ボードウォークの恋人たち
***

勤務が定時に終わり、何となく帰りたくないなと思ったものの帰る場所は一つしかなくて、真っすぐ帰宅することにした。
ハルの学会発表は明日に迫っていて、今夜は会場のホテルに前泊して準備をするとかで今朝慌ただしく出て行ったから今日は一人だ。

正しくは今夜も、か。

彼女からの呼び出しがあったあの晩からハルは着替えをしに短時間帰ってくるだけで、自宅のベッドで寝ることはなかった。
今朝も私が朝食を食べている時に帰って来てシャワーを浴び着替えをするとまたすぐに出ていった。

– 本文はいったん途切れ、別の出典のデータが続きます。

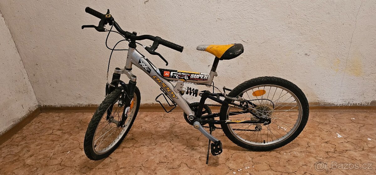 Celoodpružené dětské kolo s přehazovačkou, velikost 20". Má kosmetické vady, sedátko potrhané, ale jinak je zcela funkční, po servisu.

何か話しかけられた気はするけど、ハルに背を向け流し台で食器を洗っていたから耳に入って来なかった。
ハルの方も返事は期待していなかったのだろう。洗いものを終えた時には玄関に向かう足音が聞こえ、次に玄関ドアが閉まる音がした。

一緒に暮らしているはずなのに私とハルの距離は遥か遠い。

こんな思いをしてまでここにいる必要があるんだろうか、そんなことばかり考えてしまうのは私の中にハルへの消せない恋心があるからだろう。

エレベーターを降りハルと私が暮らすマンションの玄関まであと少し、という時だった。

ドアが内側から開き、中から人が出てきた。

あ、ハル。
えーーーー?
そして、ハルの身体の影からもう1つの姿。

「やだぁー、ハルったらぁ」
「やめろ、その言い方」
甘えるような猫なで声でハルの右腕にくっついたふわふわカールの小柄な女性の姿。

驚きで息が止まりそうになった。

ここに女性は出入りしないと言ったのに。